People often tell me they can’t believe how well I’m handling our situation. This never fails to shock me since I know the real me and the moments I want to run away and never return, but whenever I hear their comments, they cause me to reflect on how we deal with Lewy Body and life in general.
I think most of our ability to cope comes from a core belief in an attitude of gratitude that came from my mother. No matter how horrible a situation is, there is something hidden inside that we can be grateful for. It’s a mind game of sorts, but it works something like this:
Instead of thinking: “Oh no, he needs a walker.” Think: “Thank goodness there are walkers and wheelchairs to help us.”
Instead of thinking: “I can’t believe my husband needs diapers,” Think: “Can you imagine what this would have been like before there were disposable diapers?”
Instead of thinking: “Why did this happen to us?” Think: “Thankfully, we got our children raised before this hit.”
Instead of thinking: “We had to sell our dream home to move into a retirement community.” Think: “I’m so glad we had enough equity in our home to afford this CCRC.”
Instead of thinking: “I am so alone and lost,” Think: “I’m so glad I have the support group to talk to.”
Sometimes the game is tougher than others. Those days when he’s hallucinating and up all night…those are the days when the best I can find is that I’m glad I’m retired and don’t have to get up in the morning to work. But that thought really does make me grateful.
My mother buried two daughters, one at the age of 12 who was born with severe cerebral palsy, and another who died from breast cancer at the age of 49. Mom provided care for both and with the second; she was the fulltime caregiver for my father who had PD at the same time my sister was dying from cancer. She has spent 36 years of her life being a primary caregiver to someone, but she always smiled and laughed and acted like her life was totally normal. She and Dad traveled, went out to eat with friends, and attended church up until the last three weeks before he died.

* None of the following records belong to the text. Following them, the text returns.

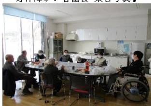
身体障がい者協会 談笑中♪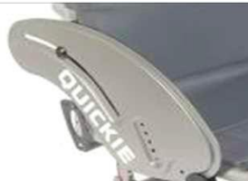
XFF040102 Из алюминия, устойчивое к воздействию низких температур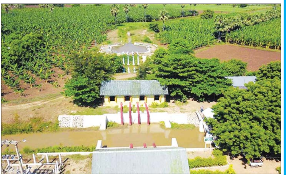
စစ်ကိုင်းတိုင်းဒေသကြီးမှ ဘုတလင် Low Lift မြစ်ရေတင်စီမံကိန်း။

(အလျား ၂၅၀ မိုင်) ကို ဆည်မြောင်းနှင့် ရေအသုံး ချမှုစီမံခန့်ခွဲရေးဦးစီးဌာနအနေဖြင့် ထိန်းသိမ်း ထားရှိပြီး ရေဘေးကာကွယ်ရေး ဧရိယာဧက ၂၇ ဒသမ ၂၇ သိန်းကို နှစ်စဉ်ရေကြီးနစ်မြုပ်မှုအန္တရာယ်မှ ကာကွယ်ပေးနိုင်ခဲ့သည်။ မြန်မာနိုင်ငံတွင် နှစ်စဉ်ကြုံတွေ့နေရသော ရေကြီးနစ်မြုပ်မှုအန္တရာယ်မှ ကြိုတင်ကာကွယ်ရန် နှင့် ရေကြီးနစ်မြုပ်မှု သက်သာစေရေးအတွက် ဝန်ကြီးဌာန၏ ပြည်ထောင်စုရန်ပုံငွေ၊ တိုင်းဒေသ ကြီး/ပြည်နယ်ရန်ပုံငွေဖြင့် ချောင်းကော၊ မြောင်း ကော၊ သဘာဝရေနုတ်မြောင်းများ ပြန်လည် တူးဖော်ခြင်းလုပ်ငန်းများ၊ မြစ်ကမ်းပါး၊ ချောင်း ကမ်းပါးရှိ တာတံများ အသစ်တည်ဆောက်ခြင်း၊ တာတံ တောင့်တင်းခိုင်မာအောင်ပြုပြင်ခြင်းနှင့် ပင်လယ်ဒီရေမဝင်ရောက်နိုင်ရန် ရေငန်တား တာ များ ပြင်ဆင်ထိန်းသိမ်းခြင်း လုပ်ငန်းများကို ဆည်မြောင်းနှင့် ရေအသုံးချမှုစီမံခန့်ခွဲရေး ဦးစီးဌာန အနေဖြင့် နှစ်စဉ်အကောင်အထည်ဖော်လျက်ရှိသည်။ ထိုသို့ အကောင်အထည်ဖော် ဆောင်ရွက်မှု

I learned a lot from her. I learned that you must deal with the hand you’re given whether you want to or not. She always says, “You just do what you gotta do,” and she’s right. Our marriage picked up a third member named Lewy. He wasn’t welcomed, but he’s here and (at the risk of sounding like Scarlett O’Hara) as God as my witness, we’re going to continue living our life to the fullest possible despite Lewy’s unwelcomed arrival.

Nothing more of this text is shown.